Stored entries
----
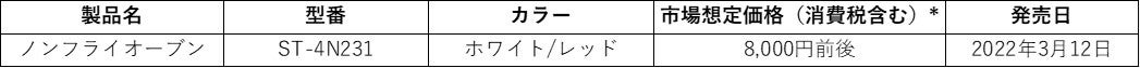 シロカ株式会社(東京都・千代田区)は、油で揚げないヘルシーな揚げ物料理が楽しめるノンフライオーブン(ST-4N231)を2022年3月12日に発売します。*1
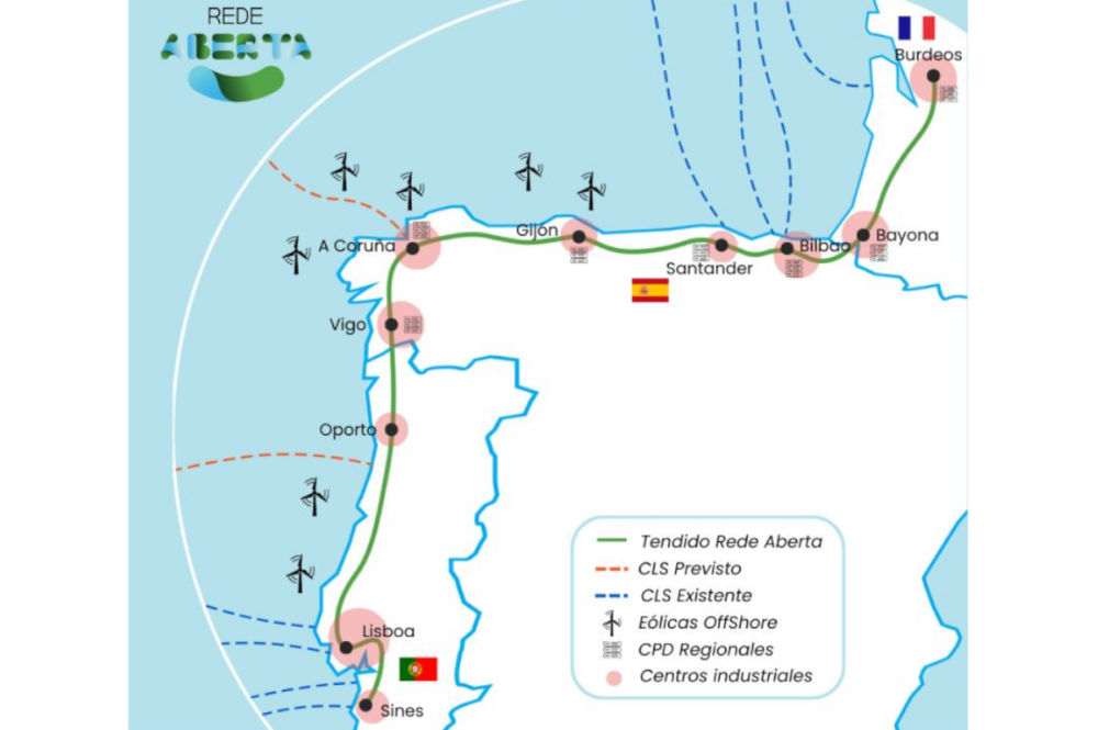 Rede Aberta desarrollará el proyecto Atlantic Arc, que permitirá realizar el estudio de una red troncal de fibra óptica terrestre de alta capacidad para conectar Burdeos (Francia) con Sines y Lisboa (Portugal), pasando por las comunidades de Euskadi, Cantabria, Asturias y Galicia, con una longitud superior a los 2.000 kilómetros.
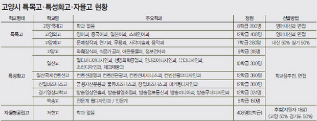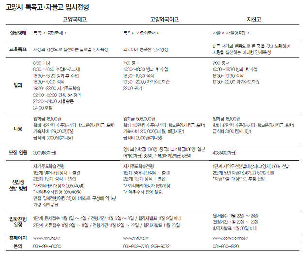 고양시 특목고‧특성화고‧자율고 총 정보Ⅰ- 특목고, 자율고 편
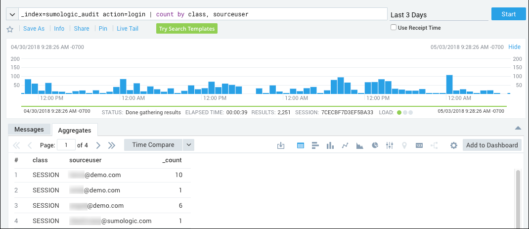 This query depends upon data in the Sumo audit index. If the audit index is not enabled, the query will not return results. To enable the index, follow the instructions in Enable and Manage the Audit Index.
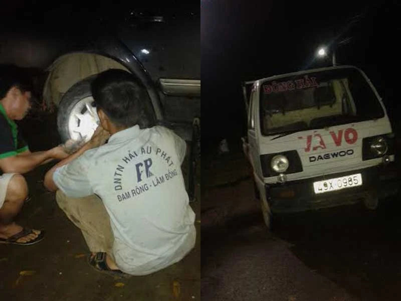 Khoảng 20 phút sau, từ phía xa trên con đường mà chúng tôi đang gặp nạn đã lóe sáng ánh đèn xe mang biển số 49X… tiến gần lại xe chúng tôi. Chưa đầy 30 phút khi vá vỏ và hoàn thành công việc thay bánh xe, anh Phú vui vẻ và bắt chuyện với chúng tôi. Anh cho biết: “Cái nghề nó đã gắn với cái nghiệp rồi chị ạ, điện thoại cứ phải để 24/24 giờ vì biết đâu chừng có khách bị sự cố đêm khuya. Lúc ngặt họ mới cần đến mình, nên dù đang quấn chăn ấm ngủ ngon cũng phải vùng dậy để đi vá vỏ. Vừa có tiền vừa giúp người thì cũng thấy ấm lòng”. Xong việc, anh Phú đưa ra giá vá vỏ với giá rẻ bất ngờ nên đoàn chúng tôi đã bồi dưỡng thêm cho anh ít đồng cà phê vì sự tận tâm và thân thiện, vui vẻ. Giả sử lúc ấy anh Phú có lấy giá cao gấp nhiều lần chừng đó, chúng tôi cũng thấy xứng công.
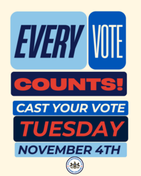 Tuesday, November 4 – Election Day: Polls open at 7 a.m. and close at 8 p.m. Voters must be in line by 8 p.m. to cast their ballot.
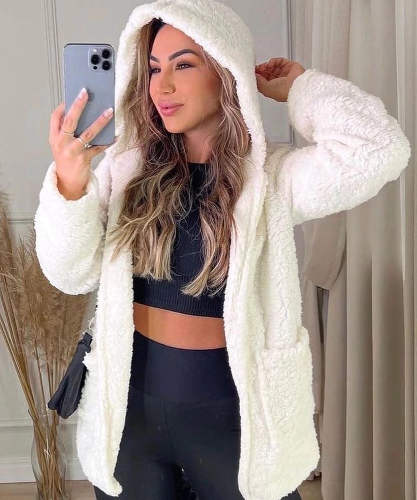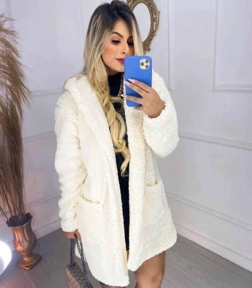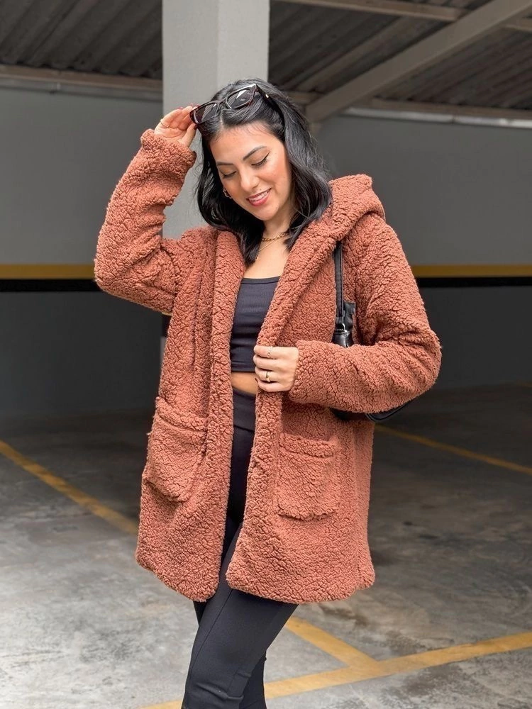 CASACO TEDDY - Seu Novo Melhor Amigo Contra o Frio! Quer um casaco que abrace você como um urso de pelúcia? Nosso Casaco Teddy é feito de tecido peluciado ultra macio, com capuz e bolso para você guardar até os segredos do inverno! Tamanho único que veste até GG, perfeito para quem não abre mão do conforto com estilo. Não passe frio, passe fofo – garanta já o seu e vire o rei ou rainha do aconchego! 🧸❄️
----
### EXERCISE DIRECTIONS
No pictures belong in the answer. It must repeat exactly the lines from the line with "Tuesday, November 4" through the final line of the records.

### TASK RESPONSE
 Tuesday, November 4 – Election Day: Polls open at 7 a.m. and close at 8 p.m. Voters must be in line by 8 p.m. to cast their ballot.
 CASACO TEDDY - Seu Novo Melhor Amigo Contra o Frio! Quer um casaco que abrace você como um urso de pelúcia? Nosso Casaco Teddy é feito de tecido peluciado ultra macio, com capuz e bolso para você guardar até os segredos do inverno! Tamanho único que veste até GG, perfeito para quem não abre mão do conforto com estilo. Não passe frio, passe fofo – garanta já o seu e vire o rei ou rainha do aconchego! 🧸❄️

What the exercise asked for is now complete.